Question: How do find the center and vertices of the ellipse \[4{x^2} + 9{y^2} = 36\]?...

Question

How do find the center and vertices of the ellipse $4{x^2} + 9{y^2} = 36$ ?

Answer 1

Solution

We use the given equation and divide the complete equation by constant term on the right hand side of the equation such that the right hand side becomes 1. Now we write the denominators of the fractions formed on the left hand side of the equation in the form of a square of some numbers. Now we compare the equation formed with the general equation of the ellipse and find the vertices and center.

An ellipse has two axes of symmetry, longer axis called major axis and shorter axis called minor axis. Each endpoint of the major axis is the vertex of the ellipse and similarly, each endpoint of minor axis is co-vertex. Center of the ellipse is the midpoint of the major and minor axis.
General equation of ellipse centered at origin and having major axis parallel to x-axis is $\dfrac{{{x^2}}}{{{a^2}}} + \dfrac{{{y^2}}}{{{b^2}}} = 1$ , where coordinates of vertices are $( \pm a,0)$ .

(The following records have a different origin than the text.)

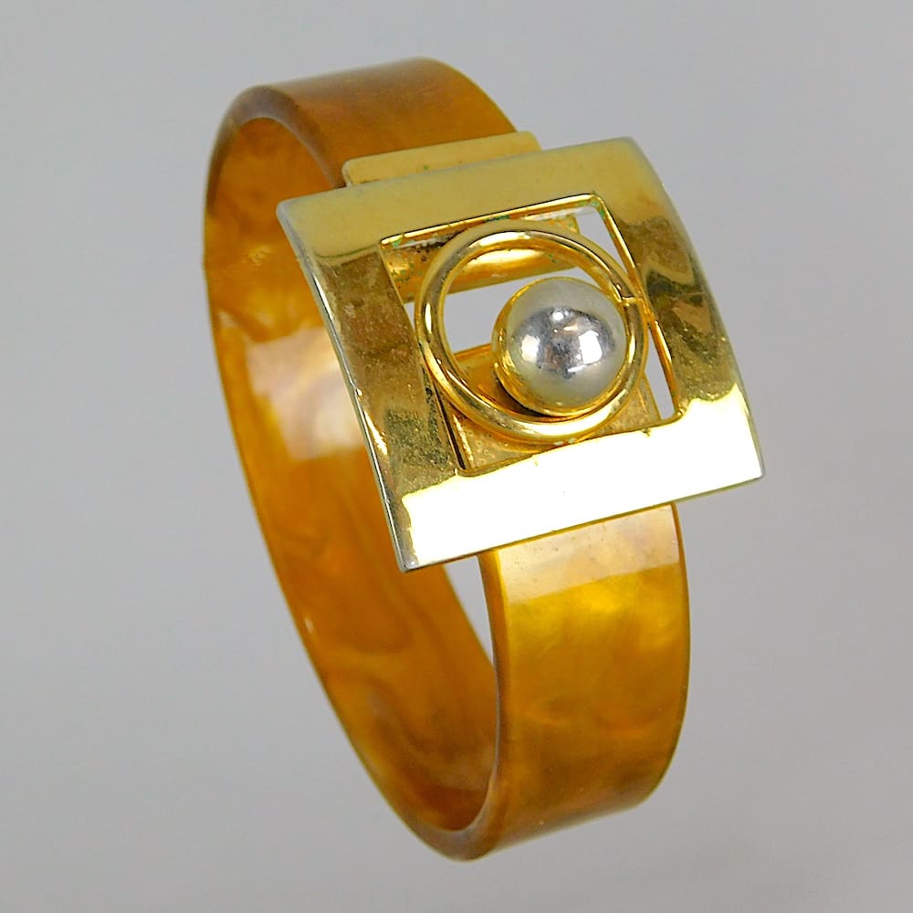 It measures 1 inch (2.5cm) wide to the front metal section and will fit a small to medium sized wrist.
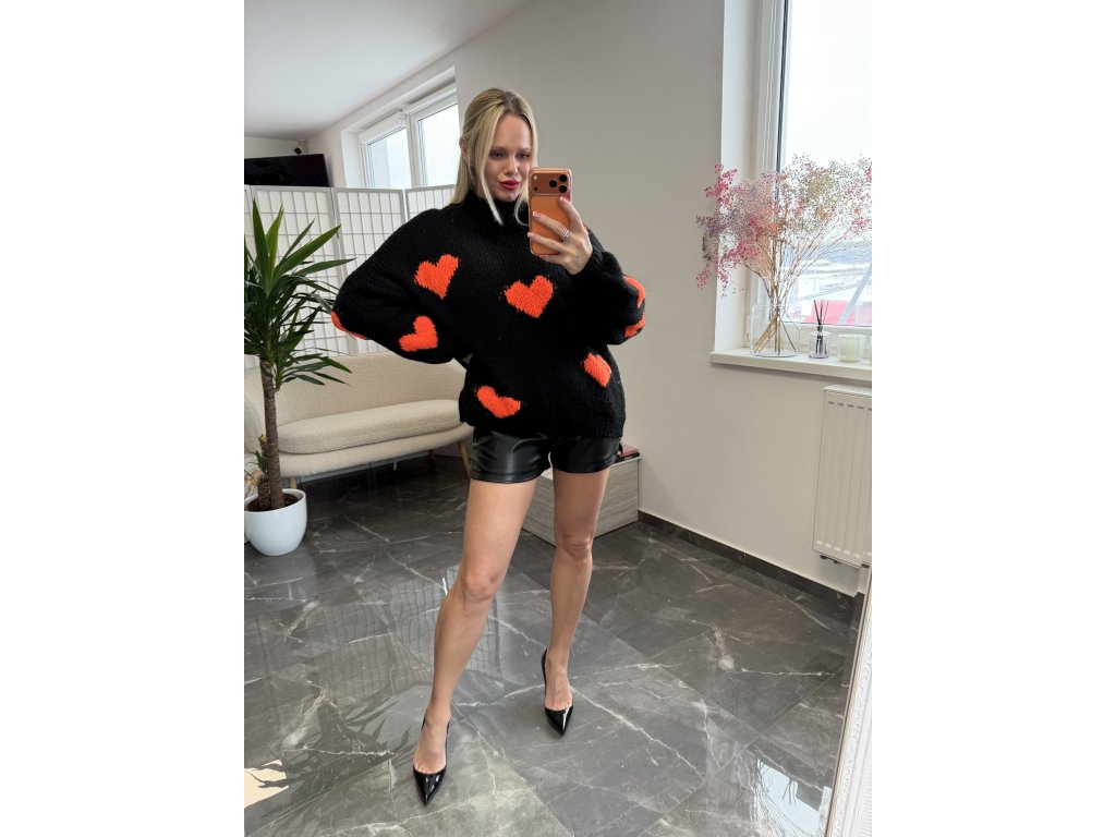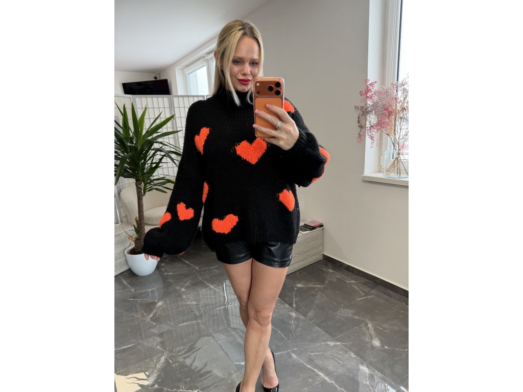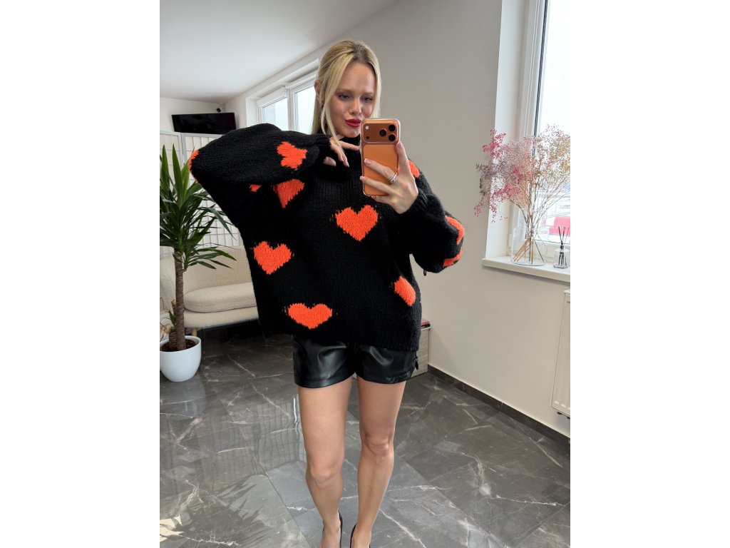 Oversized svetrík s romantickým motívom zaujme na prvý pohľad. Kombinácia čiernej a oranžovej je neprehliadnuteľná. Veľkosť uni sedí xs s m l xl.
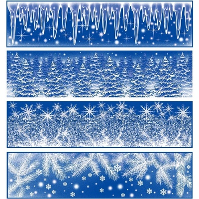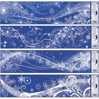 Vánoční dekorační okenní fólie pruh ledové květy, rampouchy s duhovými glitry. Elektrostaticky přilnavá fólie bez lepidla, vhodná k dekoraci oken, na kachličky, chladničku a...
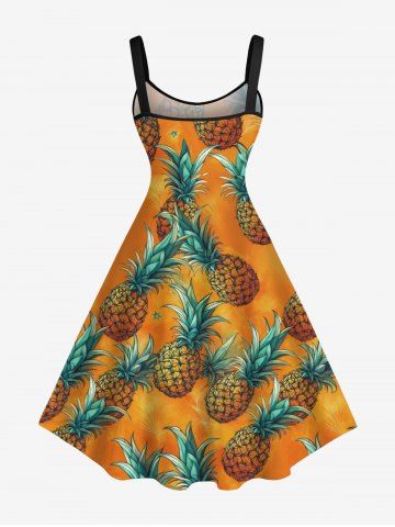 Pineapple Print Plus Size Matching Hawaii Beach Outfit For Couples - Orange
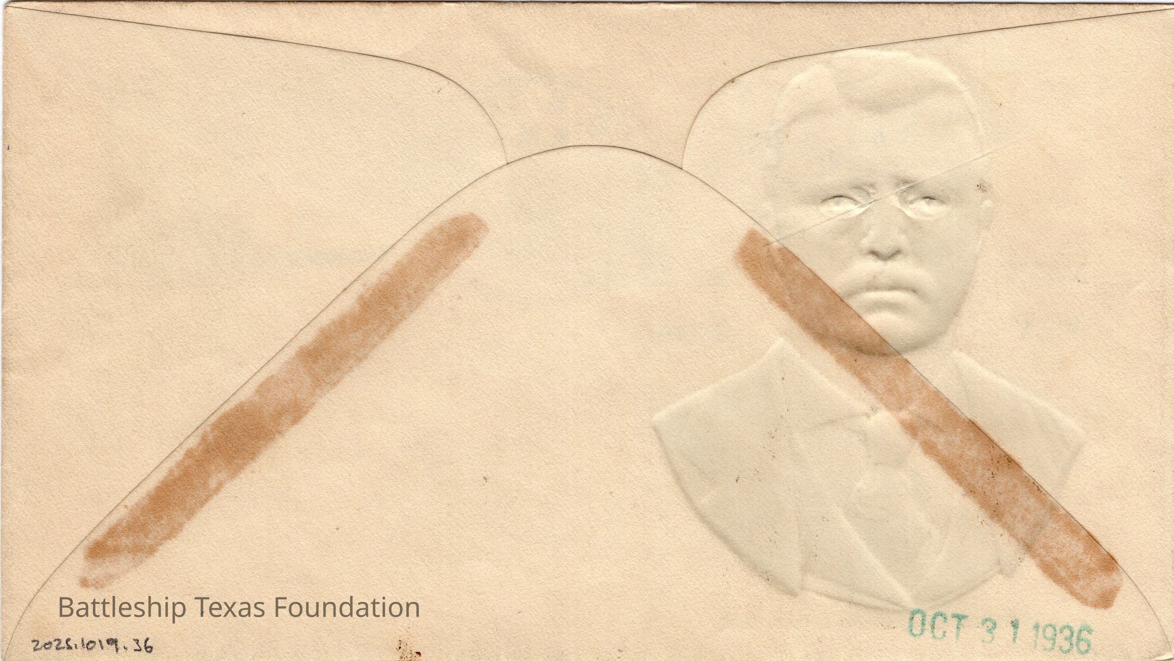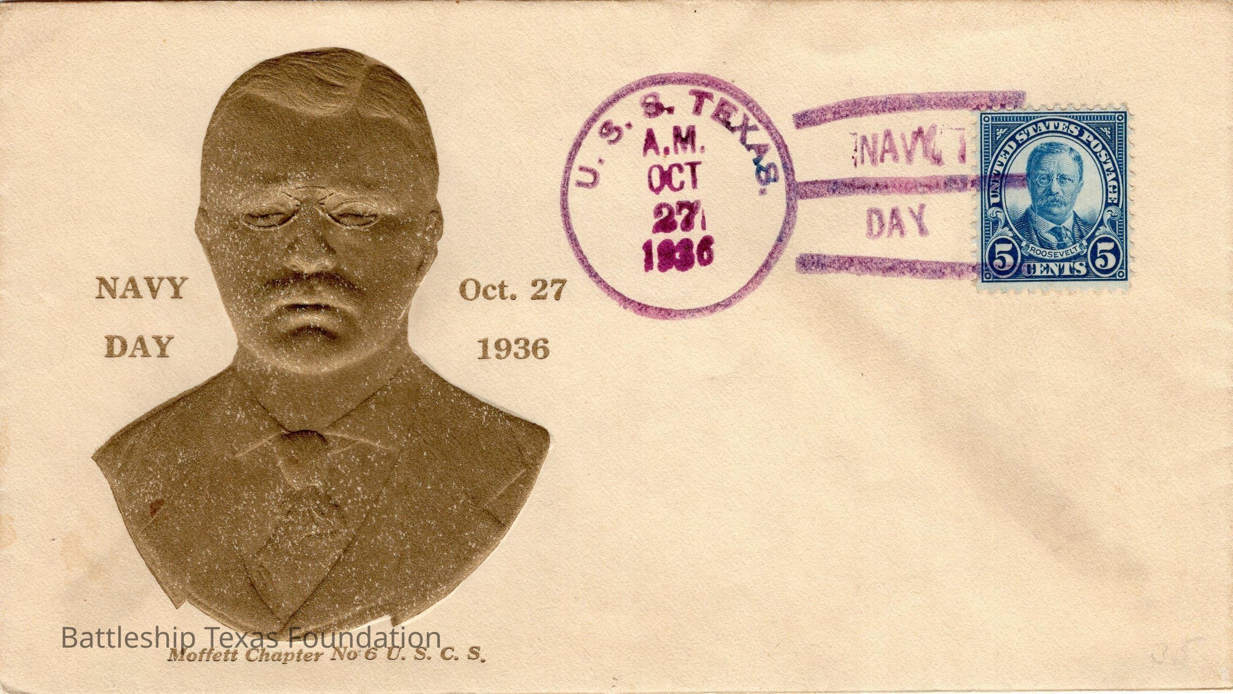 Envelope sent from USS Texas on the morning of October 27, 1936, on Navy Day. Features a large, embossed stamp of Theodore Roosevelt for Navy Day in 1936. Stamp is metallic bronze coloration and texture.Context

Complete step-by-step solution:
We are given an equation $4{x^2} + 9{y^2} = 36$ … (1)
Since we have to find the vertices and center of the ellipse, we will make this equation similar to the general form of the ellipse.
We have to make the right hand side of the equation as 1, so we will divide both sides of the equation by 36.
Divide both sides of equation (1) by 36
$\Rightarrow \dfrac{{4{x^2} + 9{y^2}}}{{36}} = \dfrac{{36}}{{36}}$
Cancel common factors from numerator and denominator on both sides of the equation
$\Rightarrow \dfrac{{{x^2}}}{9} + \dfrac{{{y^2}}}{4} = 1$
Now we know that $4 = {2^2}$ and $9 = {3^2}$
$\Rightarrow \dfrac{{{x^2}}}{{{3^2}}} + \dfrac{{{y^2}}}{{{2^2}}} = 1$ … (2)
Now we compare equation (2) with general equation of the ellipse centered at origin and having major axis parallel to x-axis i.e. $\dfrac{{{x^2}}}{{{a^2}}} + \dfrac{{{y^2}}}{{{b^2}}} = 1$ .
Then $a = 3;b = 2$
So, the vertices of the ellipse are $( \pm 3,0)$ i.e. $( - 3,0)$ and $(3,0)$ .

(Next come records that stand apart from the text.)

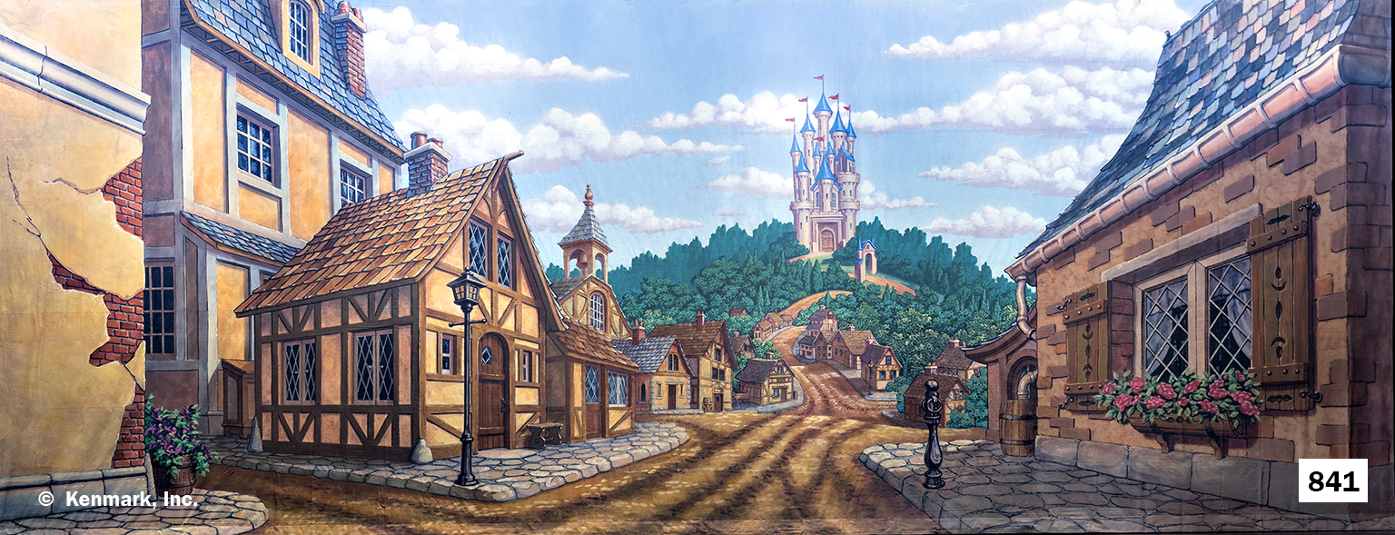 D841 Village with Castle is an enchanting backdrop that is perfect for shows such as Shrek, Sleeping Beauty, Cinderella or Beauty and the Beast. The design is lively and colorful features quaint stucco buildings with a dirt road leading to the charming white hilltop castle. Perfect for the Knights and Ladies of forever tymes! D841 Village with Castle is hand-painted on muslin and measures 17 feet high by 43 feet wide. It has grommets across the top with tie lines and a pocket in the back on the bottom so you can weight the drop with a pole or chain if you choose.
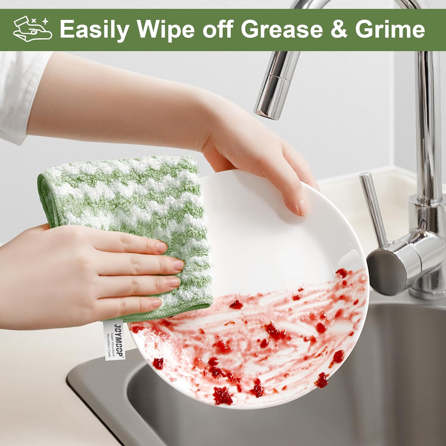 JOYMOOP Microfiber Cleaning Cloths – 18 Pack, 10" x 10", Green – Reusable, Lint-Free, Super Absorbent Towels for Kitchen, Car, and Household Cleaning
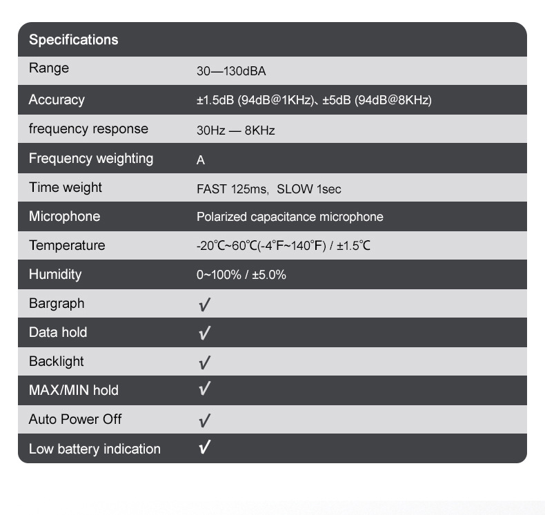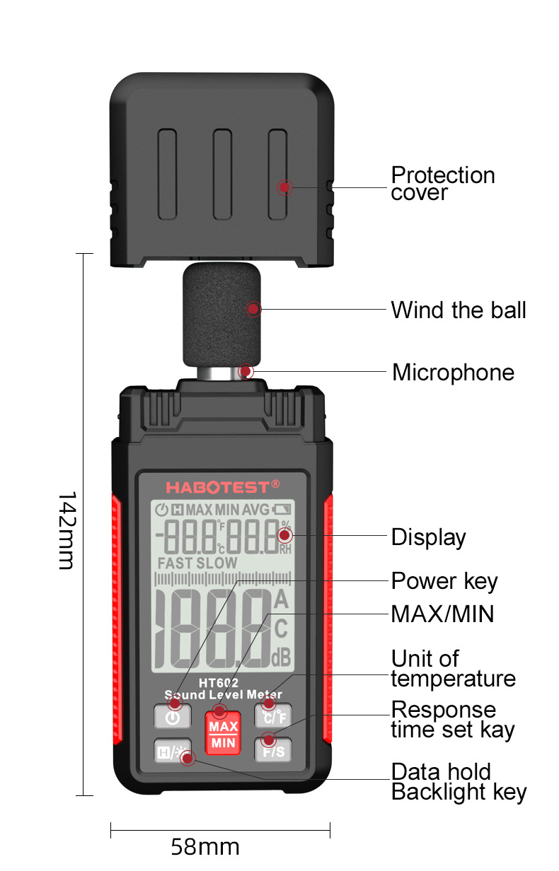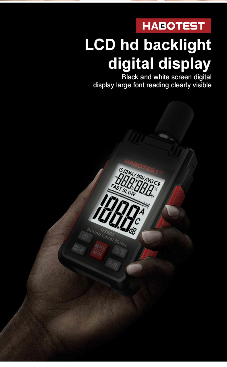 • HT602A/B High Accuracy Digital Handheld Sound Level Meter (DB) 30-130dB Range Mini Design for Noise Audio

$\therefore$ Center of the ellipse $4{x^2} + 9{y^2} = 36$ is $(0,0)$ and vertices of the ellipse $4{x^2} + 9{y^2} = 36$ are $( - 3,0)$ and $(3,0)$

Note:
Many students make the mistake of writing the value of vertices as $(a,0)(0,b)$ as they think vertices means more than one vertex. Keep in mind the value of vertex on the major axis is called vertex, whereas the one on minor axis is called co-vertex.